Everybody Gets A ‘AAA’: Why S&P Is Adopting “Custom Credit Ratings” For Chinese Debt

S&P is reportedly working on developing a custom credit rating scale for China, but some investors are worried that it could do more harm than good. Unlike S&P’s custom ratings scale for emerging markets like Argentina, Israel and Taiwan, the coming Chinese rating scale will not include the recalibrated “mapping specifications” that indicate how the ratings relate to the rest of S&P’s global ratings.

Instead, the ratings will reportedly stand alone, meaning that when an A+ is issued in China, it is to be thought of as an A+ rating issued anywhere else globally.

China

S&P is reportedly working on setting up an independent business in China where it will compete not only with the local ratings firms, but also Moody’s and Fitch, who are also applying for licenses to open up shop in China.

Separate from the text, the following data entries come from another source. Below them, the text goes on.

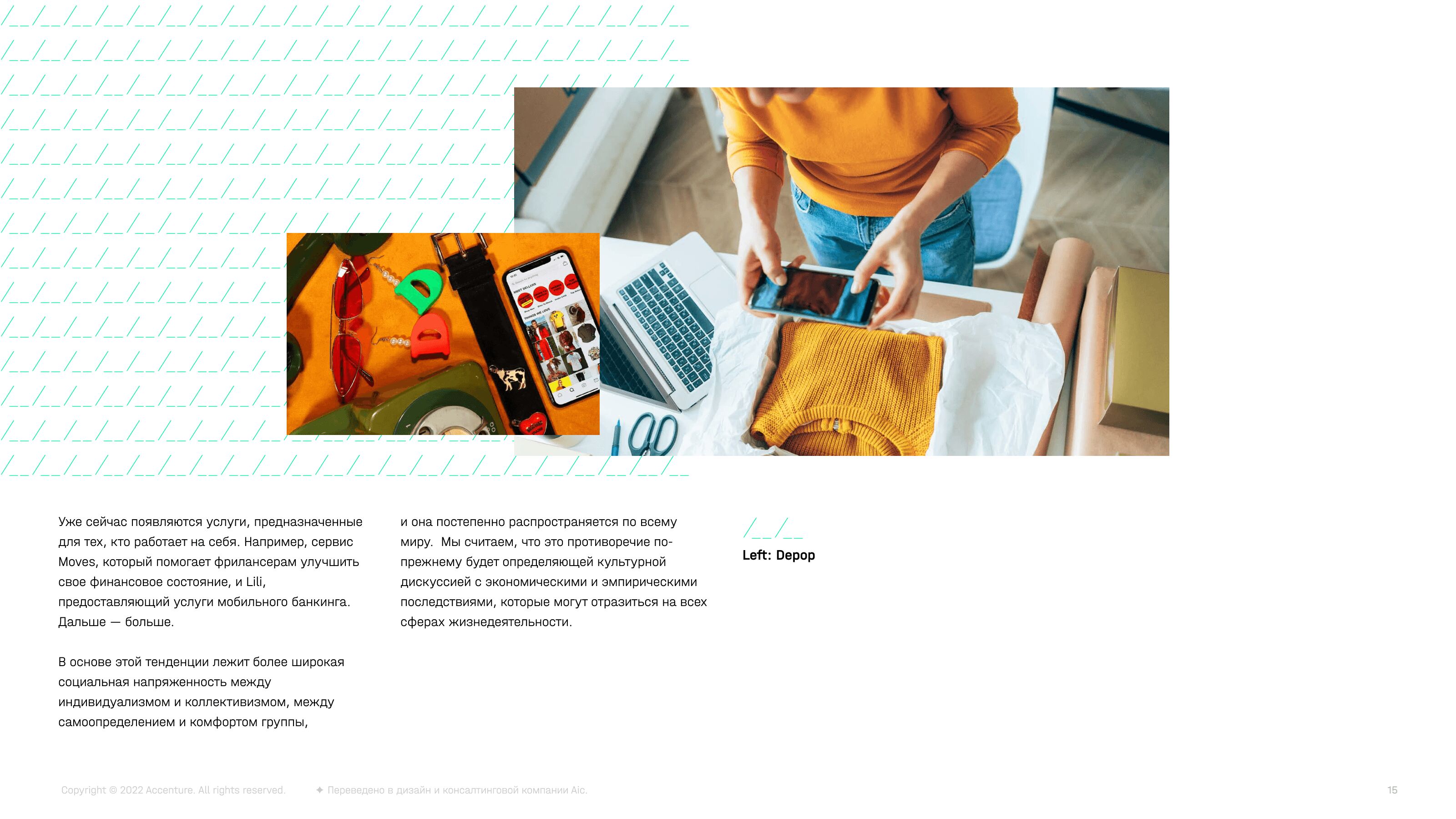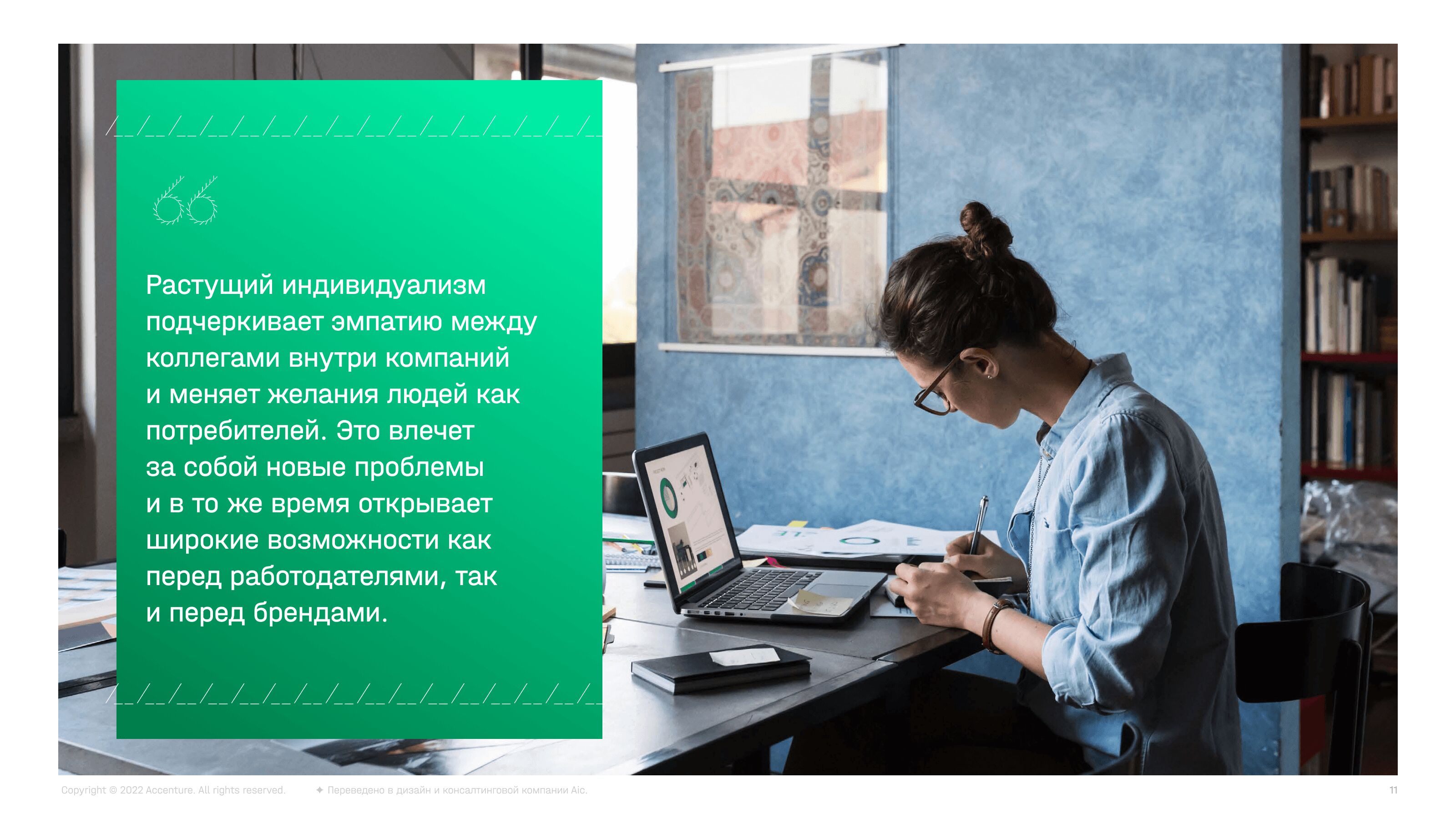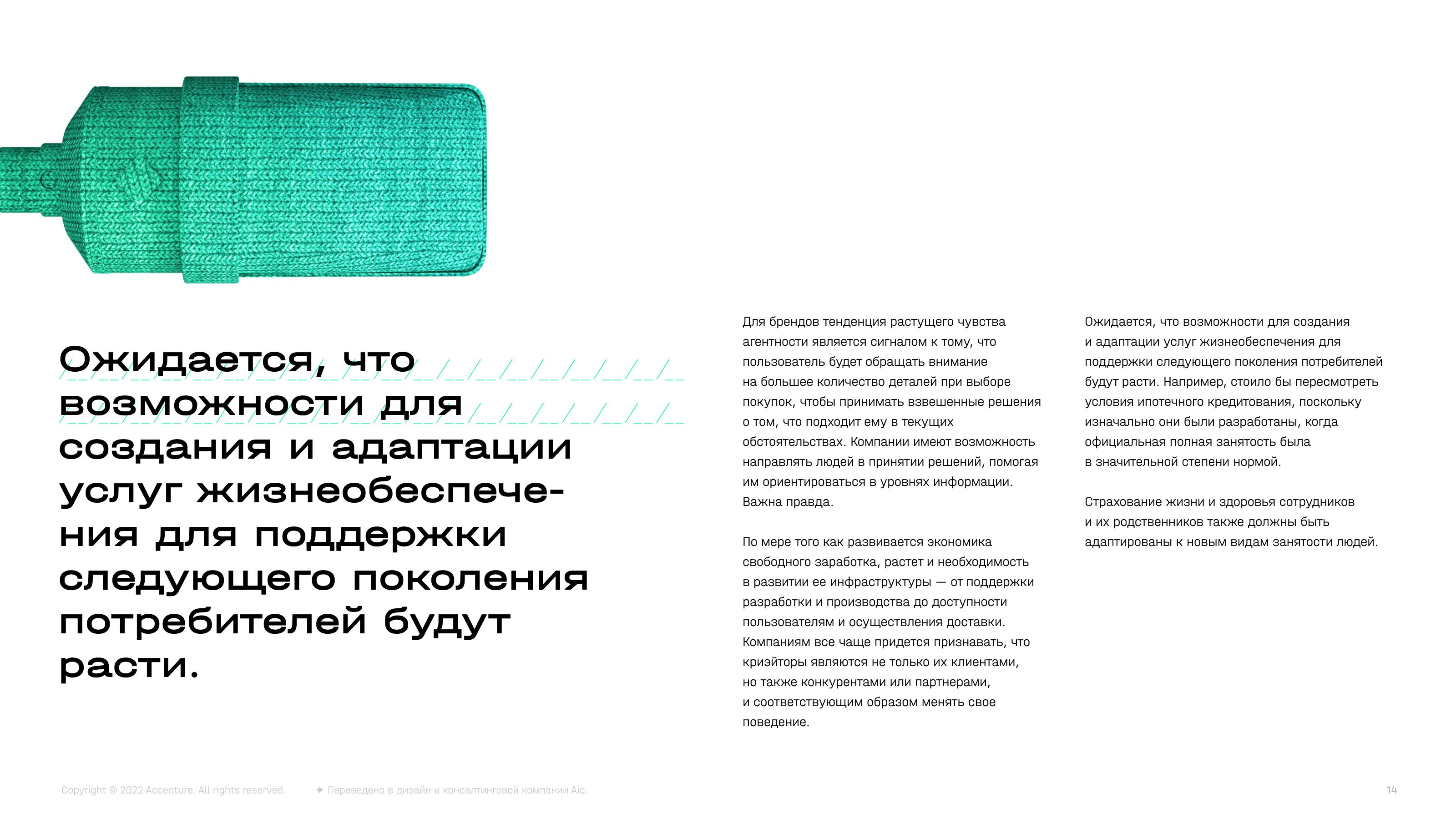 каждый год Accenture пристально отслеживает потенциально важные тенденции и сигналы по всему миру в попытке вовремя уловить изменения в обществе, бизнесе и технологиях. спустя несколько месяцев анализа, появляется очередной отчет Fjord Trends. он отличается от аналогичных в первую очередь фокусом, так как включает не более 5–7 глобальных трендов, во вторую — глубиной анализа.
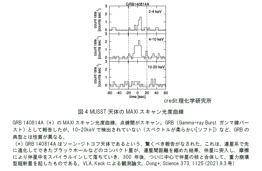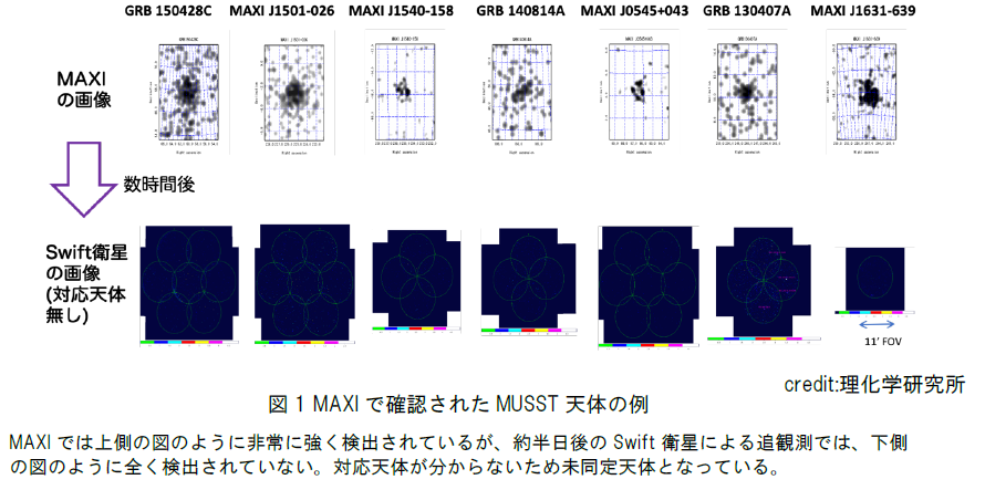 MAXI未同定短時間軟X線突発天体のこと。ガンマ線衛星では検出されておらず、MAXIの1スキャンのみで検出された短時間軟X線突発天体(検出時の光度曲線の例を図4に示す)で、Swift衛星による追観測が行われたにもかかわらず対応天体が検出されなかったもの。正確な位置が分からなかったため可視光などでの追観測ができず、正体不明天体となっている。MUSST天体の正体は、X線フラッシュ(ガンマ線バーストのX線版)や、近傍のdMe星からのフレアかもしれない。しかし、重い白色矮星上の急速新星爆発や宇宙最初の星である初代星が起こしたガンマ線バーストのような新しい天体現象の可能性も考えられている。玉石混交のMUSST天体の中から意中の天体を選り出すには、軟X線での即時観測が必要であり、OHMANによる調査が待たれる。MUSSTはMAXI unidentified short soft X-ray transientの略。
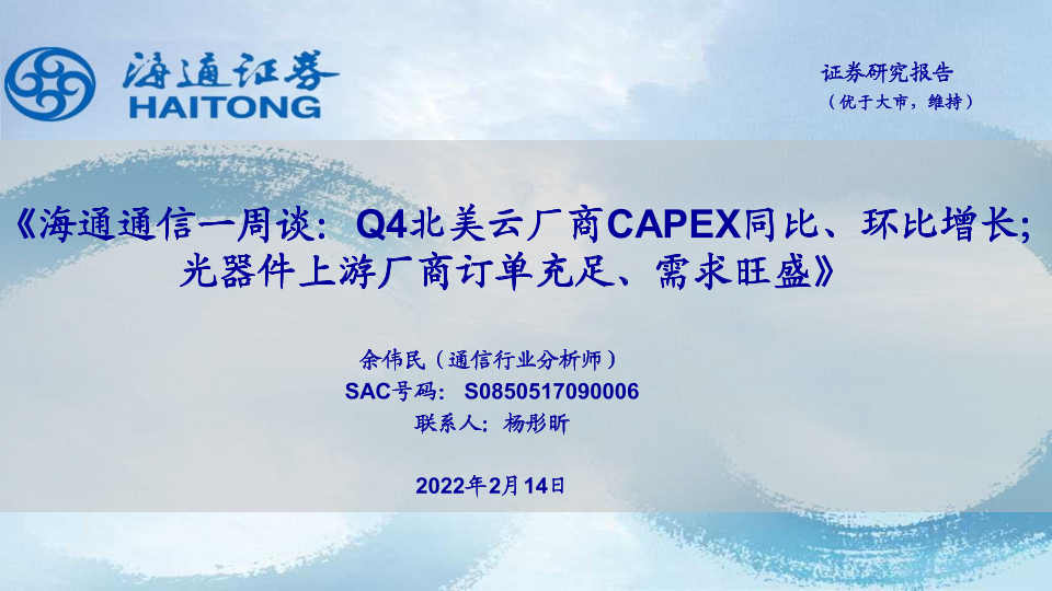 【海通证券】【20220214】海通通信一周谈:Q4北美云厂商CAPEX同比、环比增长;光器件上游厂商订单充足、需求旺盛-12页
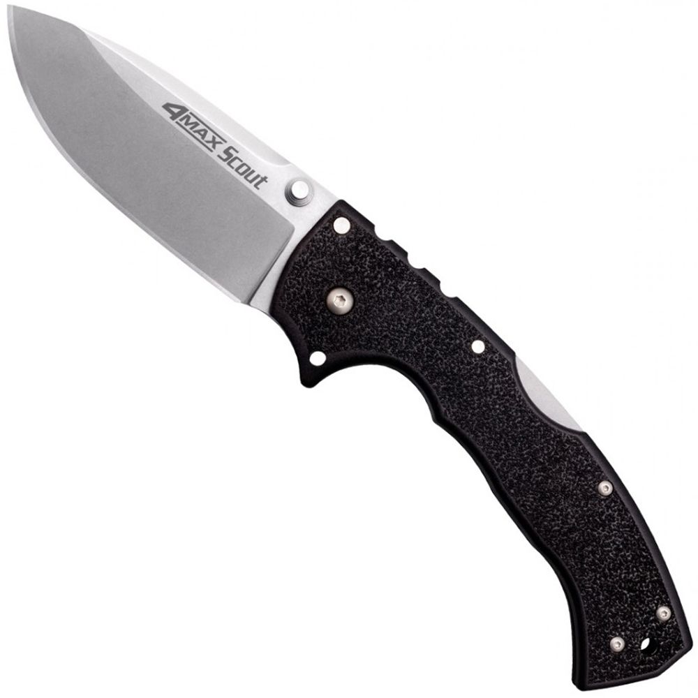 The original 4 Max proved to be all that we hoped for. But it was expensive and difficult to manufacture and deliver in a timely manner to meet customer demand. The 4 Max Scout is easier to produce and is a far more affordable alternative. It features an extra wide, drop point blade and stone wash finish, which is identical to the original 4 Max. It’s crafted from 5mm thick AUS 10A steel, for strength, toughness and edge holding potential. The handle’s silhouette mirrors the original. Instead of a G-10 handle the 4 Max Scout has one made of Griv-Ex with stainless steel liners and a Griv-Ex back spacer. Equipped with Andrew Demko’s ground breaking Tri-Ad locking mechanism the 4 Max Scout has passed every one of our grueling shock and impact tests and then gone on to hold 600 lbs. of free hanging weight with no damage!
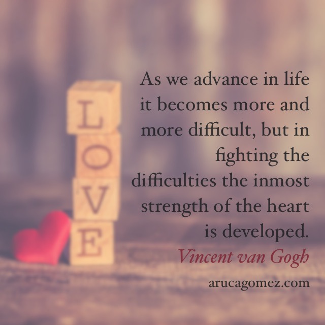 Inspiración del lunes : fuerza / Monday inspiration: strength Publicado el marzo 23, 2020 por arucagomez Así como vamos adentrándonos en la vida se hace cada vez más difícil pero venciendo las dificultades que nos encontramos la fuerza interior de nuestro corazón se hace más grande.Vincent Van Gogh¡A por ellas!¡Con corazón! ❤️ Help someone else! Share this:Compartir en TumblrPocketMás Haz clic para enviar un enlace por correo electrónico a un amigo (Se abre en una ventana nueva) Correo electrónico Haz clic para imprimir (Se abre en una ventana nueva) Imprimir Tweet Haz clic para compartir en Telegram (Se abre en una ventana nueva) Telegram Haz clic para compartir en WhatsApp (Se abre en una ventana nueva) WhatsApp EntradaMe gusta Cargando...
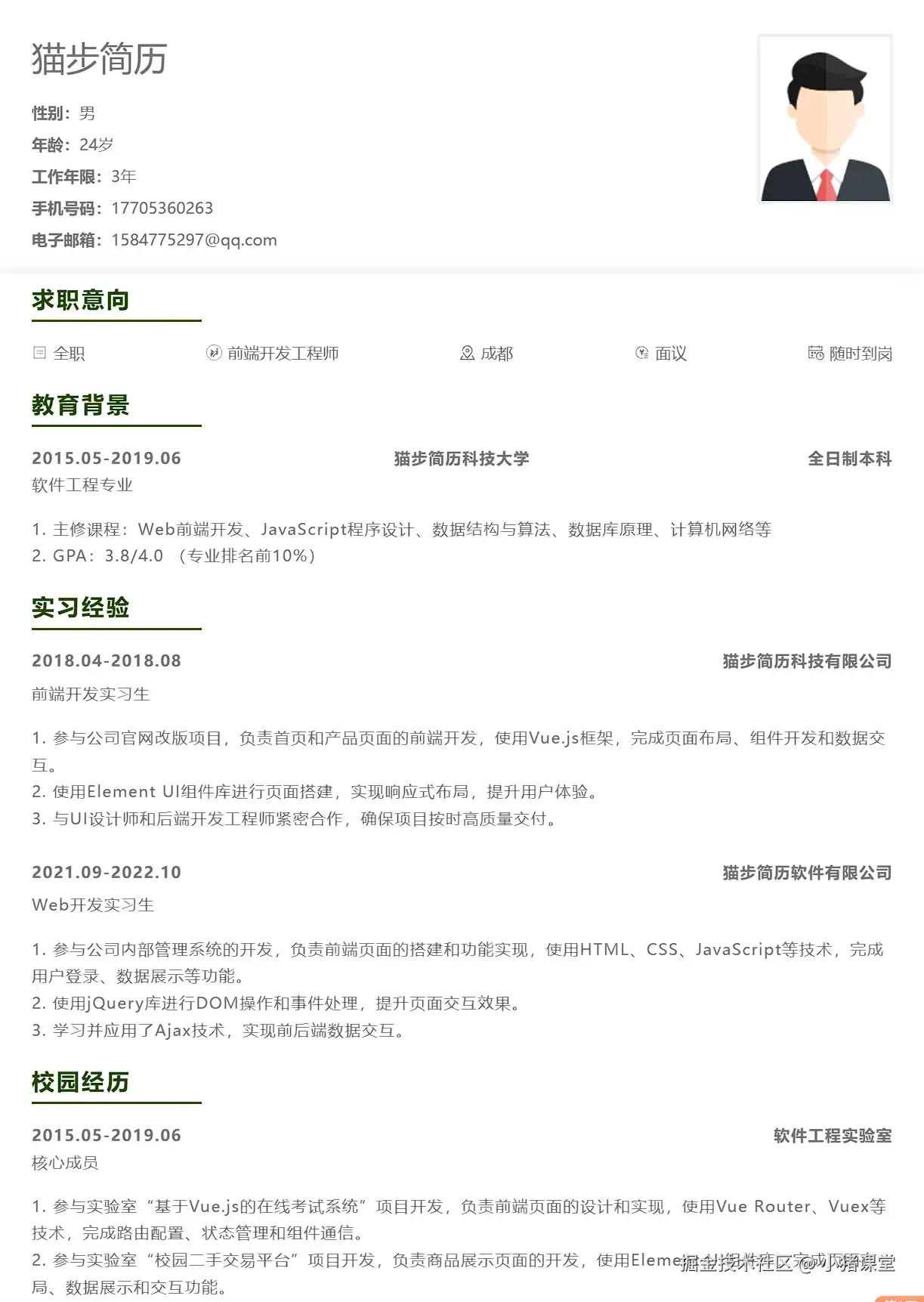 我是【猫步简历】的开源作者,也是一名半独立开发者,同时也是职场中的一员。

And since American companies typically lack the guanxi necessary to thrive in the Chinese market, S&P is aiming to tailor its bond rating system to all types of issuers, including governments and corporations, in a way that will “fit the local situation” (and presumably placate the Communist Party).

“We believe that considering the size, dimensions and extent of diversification of China’s domestic capital market, there needs to be a set of special rating standards and rating methodology that fit the local situation,” S&P said in a document translated by the Wall Street Journal

Unsurprisingly, debt investors aren’t buying it.

That’s because ratings in China won’t necessarily correspond to global ratings, and it appears there will be no widely available way to convert these ratings to global rating grades.

Prashant Singh, an emerging-markets debt manager at Neuberger Berman told the WSJ: “If the ratings show little credit differentiation and do not reflect true credit risks, then investors will not give much credence to them.”

As WSJ points out, only two American non-financial corporations have the AAA, S&P’s highest rating: Microsoft and Johnson & Johnson. Meanwhile, the US government gets only a double A+ rating from S&P. That a US ratings firm would hand out AAA ratings to barely solvent Chinese industrial firms is a bitter irony, indeed.

“It is almost like being in a classroom where everyone is getting a (top grade), but in reality, not everyone is that good,” a sovereign analyst with BNY Mellon Investment Management told the WSJ.

If S&P follows in the footsteps of local Chinese rating agencies, they could wind up posting AAA ratings for companies that are clearly distressed, like HNA Group Co., which reportedly has a triple-A rating from Shanghai Brilliance Credit Rating & Investors Service Co despite the fact that the company is selling assets to meet its debt obligations and that it paid nearly 9% to borrow money last year over a term of one year.

China

Everybody knows that in this business, money talks and bullshit walks. Ergo, there’s only one way that S&P will be able to persuade bond issuers to pay for their ratings – and that’s to tell the Chinese firms what they want to hear to stay “competitive” with the domestic ratings agencies. The economic environment in China, where some asset managers and many institutions are restricted from buying lower rated bonds, naturally tends to help inflate the entire ratings industry.

Out of the 300 Chinese companies that have issued debt outside the mainland, S&P hasn’t offered any of them a higher than A+ rating – that’s five notches below AAA. China’s sovereign rating is also a A+. But perhaps once S&P opens its domestic subsidiary, it will have reason to reevaluate.

But without mapping specifications like those that S&P has implemented in other emerging markets, there is no way for foreign investors to interpret credit ratings in the world’s most opaque major economy.

Just like they did during the run-up to the financial crisis in the US, S&P appears to be hurting, not helping, the situation in China.